There are 101 ethnic and caste groups in the country. At a time when ethnic sentiments are on the rise, the Maoists have added fuel to fire by declaring an ethnic front of the Khas community, the largest group comprising of Brahmins and Chhetris. This community makes up 40 per cent of the total population and if it opens a political front to 'preserve' its own interests, there will be further ethnic polarisation in the country.
Those who see the Khas community as politically and culturally dominant group fail to appreciate the fact that only limited section of this population enjoyed political clout in the past regimes. To be sure, the adoption of Nepali as an official language favored their academic and personal development. Undoubtedly, present ethnic movements in Nepal seeks to make up for the historical marginalisation of the minorities and preserve their religion, language and culture, in order to establish their distinct identity.
Ideologically, there might not be any room to doubt that Maoists want a united and inclusive Nepal. But the modality of state restructuring that they have proposed will ultimately lead to separatist tendencies because legal provisions will stand at odds with cultures and traditions that is proposed as the basis of ethnic states.

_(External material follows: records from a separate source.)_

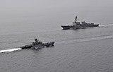 INS Kulish, left, passes USS Halsey during Malabar 2012.
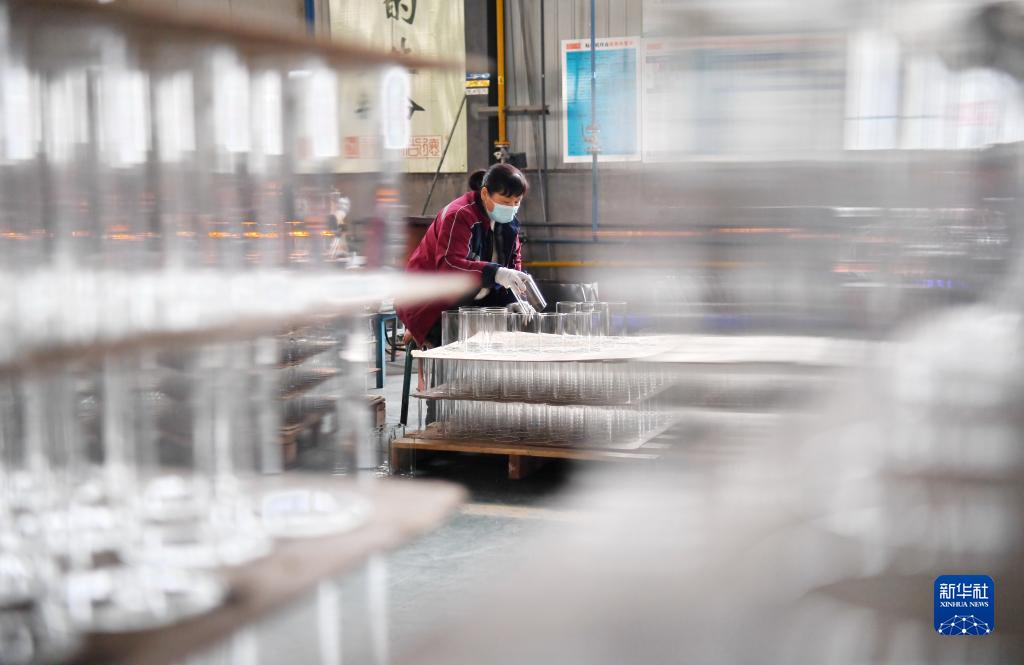 2月11日,河北省河間市一家工藝玻璃制品生產(chǎn)企業(yè)工人在車(chē)間內整理產(chǎn)品。
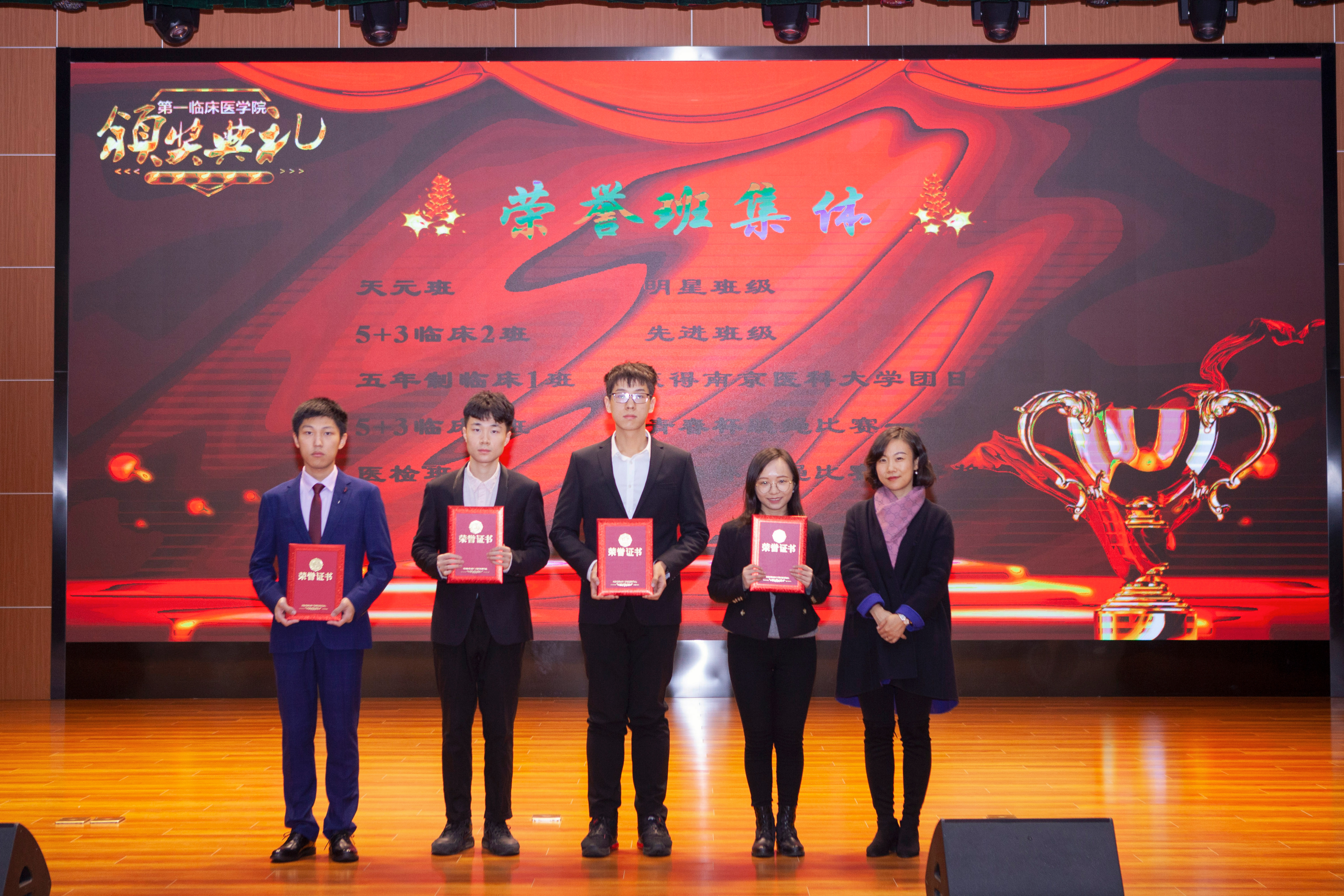 表彰大会伊始,主持人首先带领大家总结回顾了2019级在过去的一学年里在学习与科研、文体与竞赛以及暑期社会实践等方面取得的成绩。接着,与会领导嘉宾分别为国家级奖项获得者、省级奖项获得者、校级奖项和院级奖项获得者颁奖,包括特等奖学金、校优秀共青团员、暑期社会实践优秀团队、暑期社会实践优秀个人、明星班级体、先进班集体、学风示范寝室、运动会优秀运动员等共计20余项。在优秀学生代表发言环节,获奖个人代表(5+3)一体化4班的王舒宇、获奖集体代表天元班李佳玮两位同学依次上台分享个人和班级的成长感言,同时对学校、学院领导老师们的辛勤培育和大力支持表示感谢。在领导讲话环节,盛彤彤书记首先肯定了2019级在过去的一年中取得的优异成绩,对两位辅导员老师的辛勤付出表示感谢,同时希望同学们能够向榜样看齐,成为更好的自己。在同学们的热烈掌声中,本次大会圆满结束。
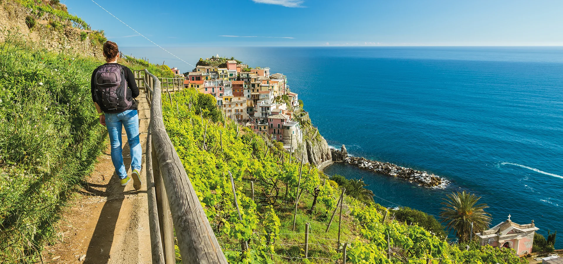 Die unberührte Landschaft der Cinque Terre ist von seltener Schönheit. Fünf malerische, verträumte Dörfer an der ligurischen Küste. Farbige Häuser an steilen Hängen, kleine Plätze mit bunten Booten, Treppenwege, Torbögen - es ist eine der bezauberndsten Landstriche der Welt.
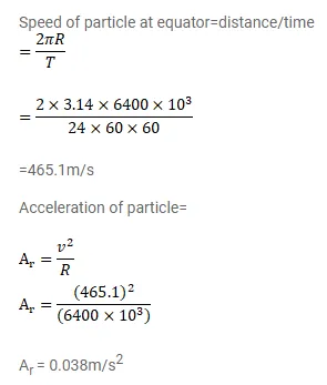 Find the acceleration of a particle placed on the surface of the earth at the equator due to earth's rotation. The diameter of earth $=12800 \mathrm{~km}$ and it takes 24 hours for the earth to complete one revolution about its axis.
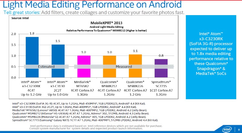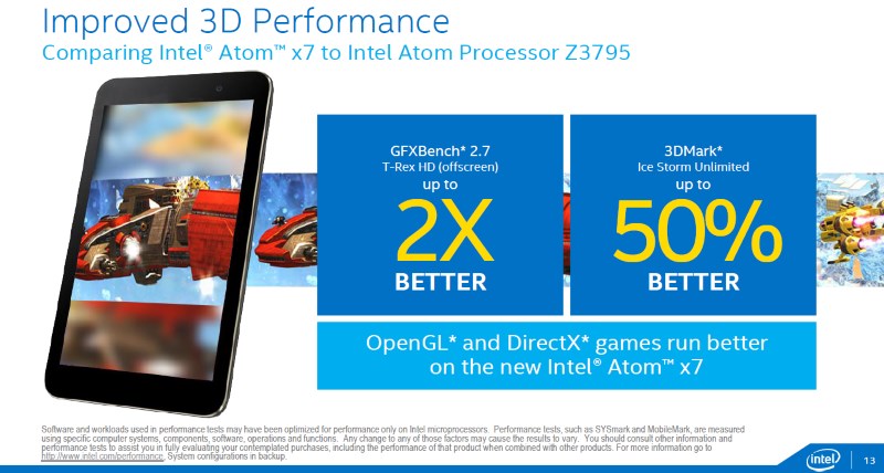 Interestingly, Intel has not provided any information about power usage for the new processors although we were informed the power consumption is relatively the same as their Bay Trail predecessors. The smaller die on the Atom x5 and x7 should, in theory, mean more power efficiency over the previous generation. However, there is nothing to compare against the competition without at least some numbers.
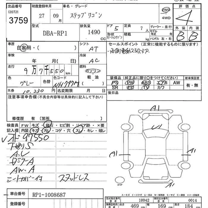 HONDA STEPWGN 2015 г., лот № 3759
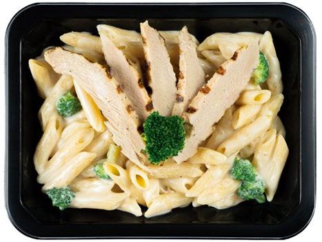 Penne pasta tossed in our creamy parmesan alfredo sauce trayed with strips of open flame grilled chicken and steamed broccoli.
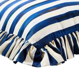 Add a touch of elegance to your home with this brand new Mackenzie-Childs Royal Stripe Ruffle Throw Pillow. Featuring a stunning blue and white royal stripe design with a charming ruffle trim, this 20” x 20” decorative pillow brings classic style and comfort to any space. Perfect for sofas, beds, or accent chairs, it’s both stylish and practical—machine washable and imported for premium quality. Elevate your home décor with this GORGEOUS and timeless piece

But distinctiveness need not necessarily call for division. Unity, even in diversity has been the hallmark of Nepali society and it must be preserved. The most effective way of doing this is to adopt a multi-ethnic basis to federalism. Nepal can perhaps learn from experiences of countries like Ethiopia and Bosnia-Herzegovina. While we must appreciate the ethnic and cultural diversity of our land, there is no mistaking that if badly managed, it will lead to disintegration.